Rather than simply describing the move westward, Bowen and Hills also focus on the array of options facing settlers in California. Some members of Darcy’s company opted for temporary gold mining work, but others became more permanent players in California’s pre-statehood history. The authors particularly use individual immigrant stories to tie into larger issues facing the region—including slavery and racial tension. Overall, Jersey Gold offers a snapshot of a community experiencing the day-to-day trials of the westward trail and the California gold mines.

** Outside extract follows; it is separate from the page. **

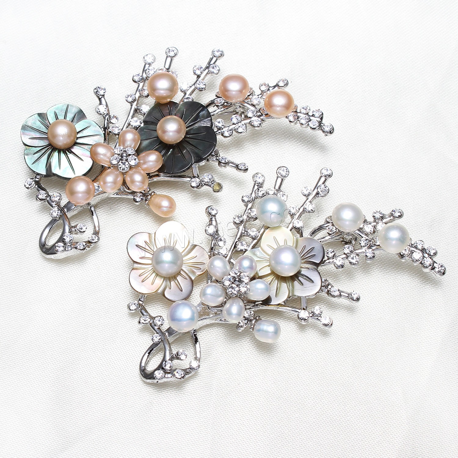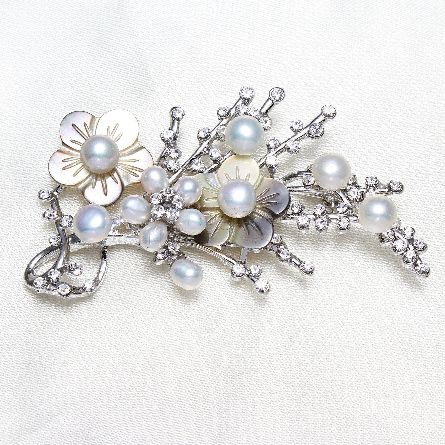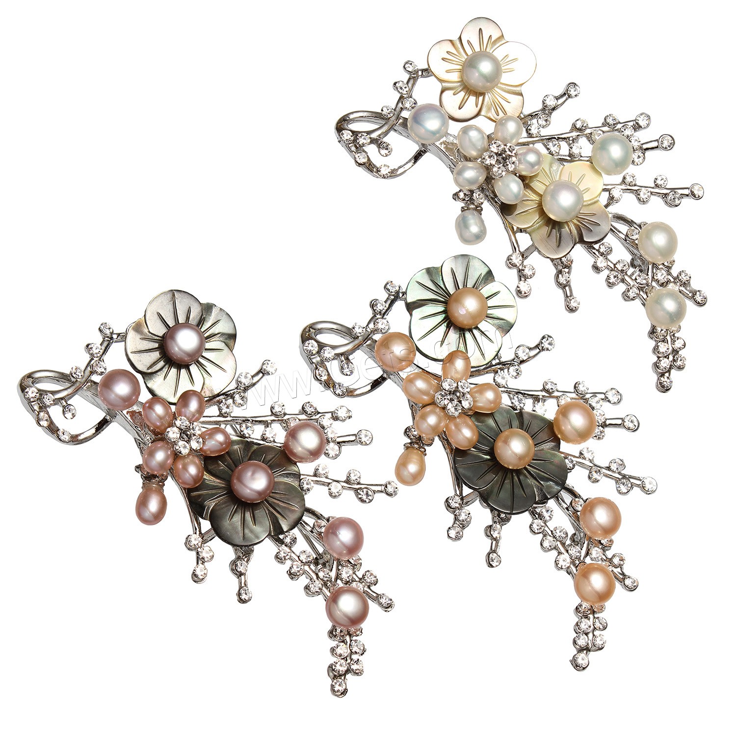Freshwater Pearl Brooch, Zinc Alloy, with Freshwater Pearl & Resin, gold color plated, fashion jewelry & with rhinestone

On the Way to Somewhere Else: European Sojourners in the Mormon West, 1834–1930.
By Michael W. Homer.
2006; repr., Norman: University of Oklahoma Press, 2017.420 pp. Paper, $24.95.
Michael W. Homer’s On the Way to Somewhere Else provides a fresh perspective on Mormon settlers through the eyes of people unlike themselves. Homer collects a series of primary documents that report on European travelers’ observations of Mormons in the new religion’s first hundred years. Originally published in 2006, this document collection gets a reprint and an updated cover with the new 2017 edition.
Although the collected documents cover a wide range of topics, Homer emphasizes the near-constant presence of Brigham Young and his overshadowing influence over the Mormon people. According to Homer, Young’s autocratic rule fascinated Europeans. Similarly, Homer curates documents that trace Utah’s early history as a whole, showing how the territory physically and culturally developed with Mormon settlement. Ultimately, On the Way to Somewhere Else provides a first-hand glimpse into the lives of early Mormons through the perspectives of European visitors.